Loggro S.A.S.
- Industry: Information Technology
- Founded: 2020
- Founder: Alejandro Vasquez Aramburo
- Headquarters: Medellín, Colombia
- Number of locations: 1 development centers (2021)
- Area served: Latin America
- Products: Enterprise resource planning, Human Resource Information Systems
- Revenue: US$10 million (2024)
- Number of employees: 208 (2024)
- Website: http://loggro.com

= Loggro =

Loggro S.A.S. is a Colombian cloud-based enterprise software platform for small and medium-sized enterprises (SMEs).

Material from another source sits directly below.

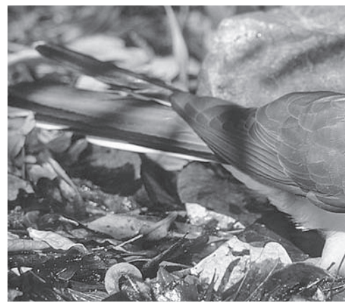
Yellow-billed cuckoo

explains that cottonwoods regenerate extensively after large flood events on the river. "If we were to have proceeded as was proposed

Loggro also offers specialized software such as Point of Sales, restaurant management systems, payment processing, and hotel/accommodation management (PMS).
== History ==
Loggro originated as a project within PSL (Productora de Software S.A.S.), a Colombian software company founded in 1984 by Jorge Aramburo Siegert. Following PSL's acquisition by Perficient Inc. in 2020, Loggro continued to operate independently in the Colombian market.

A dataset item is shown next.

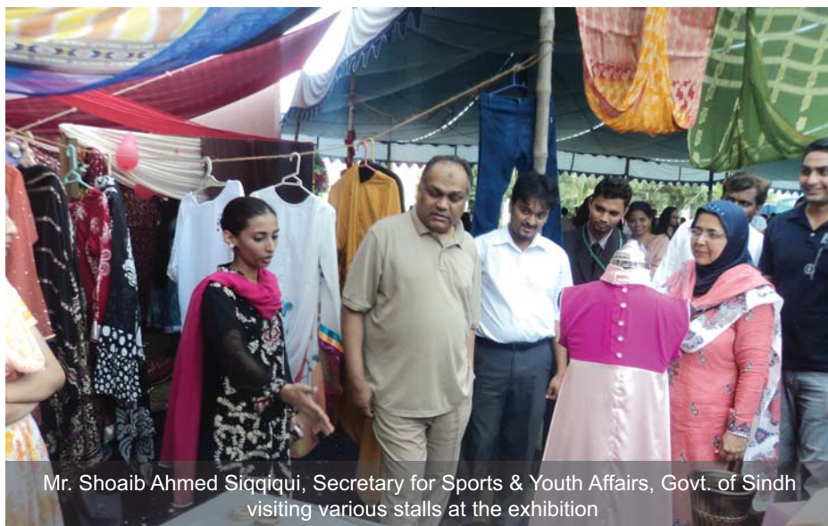
Mr. Shoaib Ahmed Siqqiqi, Secretary for Sports & Youth Affairs, Govt. of Sindh visiting various stalls at the exhibition

iACT organized its 2 nd Textile and Fashion Design Exhibition which displayed a variety of products of its students. More than 60 students displayed their work which included a range of dresses, dress accessories and material developed using fabric painting, silk screen printing, batik and tie and dye techniques. Students managed to sell and receive orders for a variety of their products during the exhibition.

In 2022, Loggro acquired PirPos, a startup focused on point-of-sale (POS) software for restaurants.

In 2023, Loggro was named by Forbes as one of the 100 best startups in Colombia and ranked among the top 5 fintech companies.

Currently Loggro is an authorized technology provider recognized by the Colombian National Directorate of Taxes and Customs, DIAN, for generating electronic invoicing in compliance with regulatory standards.